# Die gewohnte Version von Ad-Aware SE ist gestrichen



## Unregistriert (11 Juni 2007)

Hallo zusammen,
seit heute morgen ist bei Lavasoft eine 17 (statt wie vorher 2,7 MB)  MB große für private Anwender kostenlose Version downzuloaden - die vorher gewohnte Version Build 106.r1 fragt zwar nach, ob ein update gemacht werden soll, ändert dann aber ohne Kommentar die defs.zip im Namen und teilt nur mit, dass das Programm beendet wird.
Zur neuen Version habe ich noch nicht die Einzelheiten nachsehen können, vor allem schient mir die LanguageDatei zu fehlen, mit der man auf die deutsche Oberfläche umschalten kann.
Dozentin


----------



## Wuschel_MUC (13 Juni 2007)

*AW: Die gewohnte Version von Ad-Aware SE ist gestrichen*



Unregistriert schrieb:


> Hallo zusammen,
> seit heute morgen ist bei Lavasoft eine 17 (statt wie vorher 2,7 MB) MB große für private Anwender kostenlose Version downzuloaden
> ...
> vor allem schient mir die LanguageDatei zu fehlen, mit der man auf die deutsche Oberfläche umschalten kann.

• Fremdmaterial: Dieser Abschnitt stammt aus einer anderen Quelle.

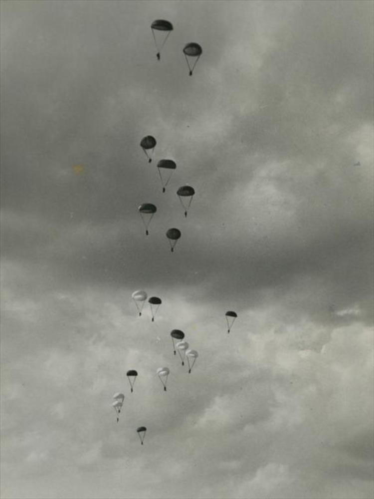 dalende parachutist met rood-wit-blauwe koepel parachute
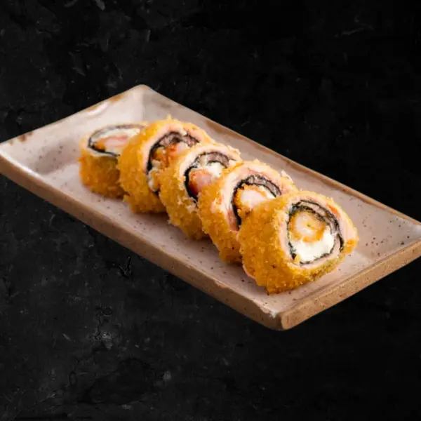 Salmão, camarão empanado e cream cheese. Empanado e frito - Atenção: não acompanha molho.
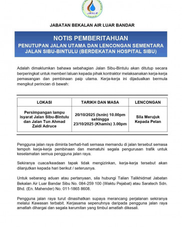 【紧急通知】诗巫-民都鲁路段(靠近诗巫医院)主要道..
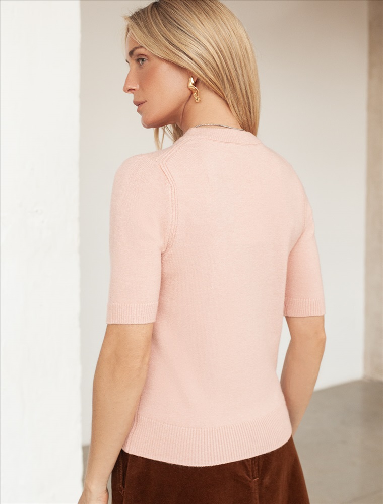 Размер товара на первом фото: 42 Джемпер с коротким рукавом выполнен из мягкой пряжи с кашемиром. Лаконичная модель с круглым воротом идеально сидит по фигуре. Благодаря своей универсальности подойдет для любого гардероба и в офисный дресс-код. Мягкая пряжа очень приятная к телу, поддержит комфорт на протяжении всего дня, при этом не перегревая. Сочетается в костюме с брюками D38.013, D38.012 и юбкой D36.016
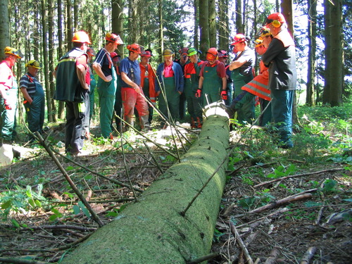 Zum Schluss gab es ein groĂes Lob von den Ausbildern Bauer und Rapp vom Forstamt Oberndorf / Glatttal. Alle Teilnehmer hatten die erlernten Techniken sehr gut umgesetzt und so wurden bis Samstag Nachmittag alle zugeteilten Bäume unfallfrei und fachmännisch gefällt.
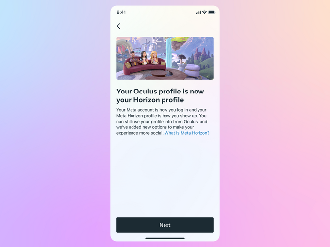 なお、Metaアカウント自体にソーシャルプロフィール要素は備わらず、新たに作成する「Meta Horizonプロフィール」にユーザーネームやアバターなどの情報が用意。既にOculusアカウントをFacebookアカウントと連携している場合は、Metaアカウントの設定処理中にFacebookアカウントを削除することで、紐づけの切り離しが可能とのことです。
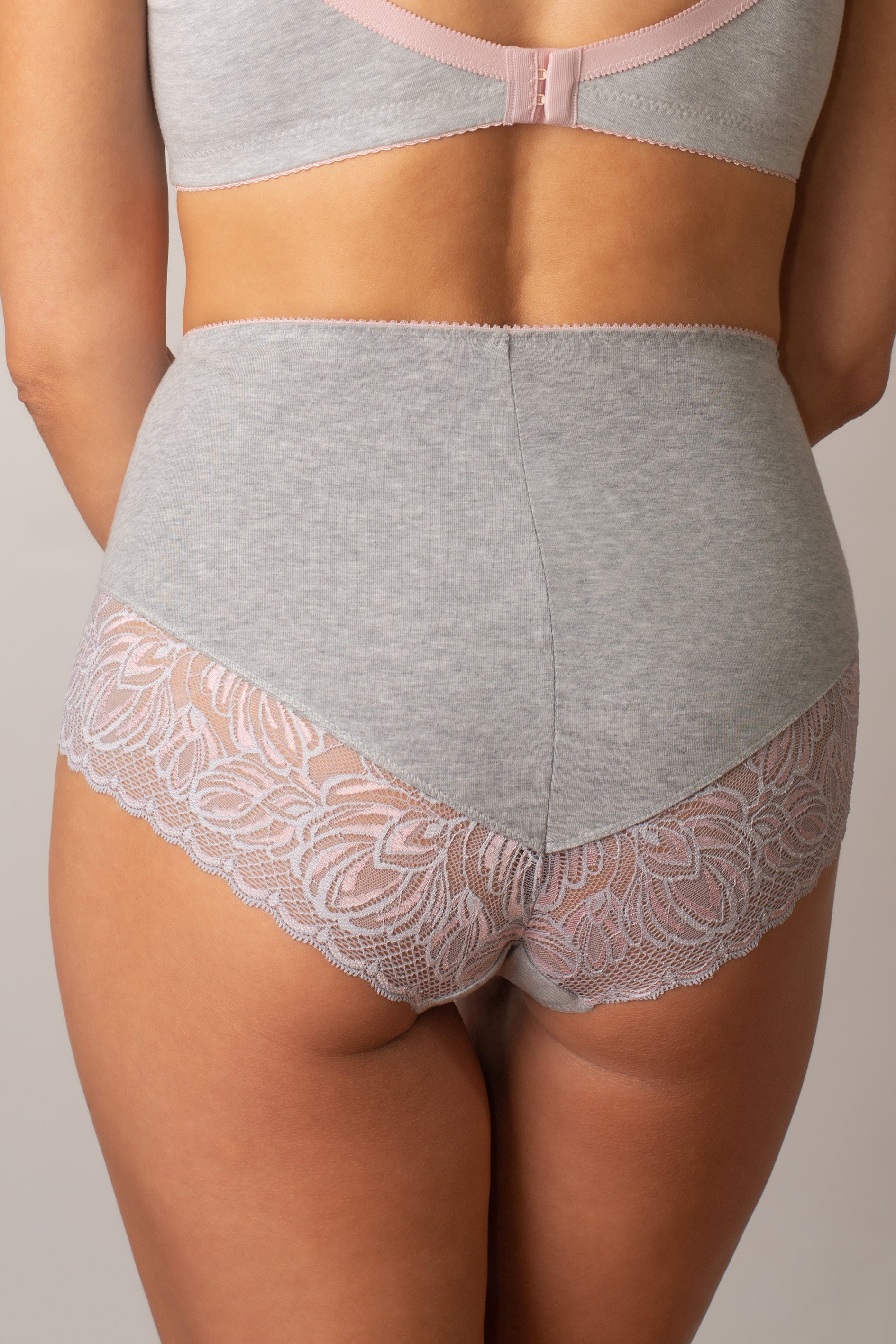 Комфортные трусы с высокой линией талии из натурального хлопка - 2911/E, Серые с лотосом, 40-52

Ich war Betatester für die neue Version. Anfangs hat das Programm ganz schön geknirscht. Mittlerweile scheint man die Kinderkrankheiten behoben zu haben. Eine deutsche Version habe ich auch noch nicht gefunden, aber die wird schon irgendwann kommen.

Alternativ dazu könntest du den Spybot oder die AVG Anti-Spyware nehmen, die gibt's auch auf Deutsch.

Wuschel


----------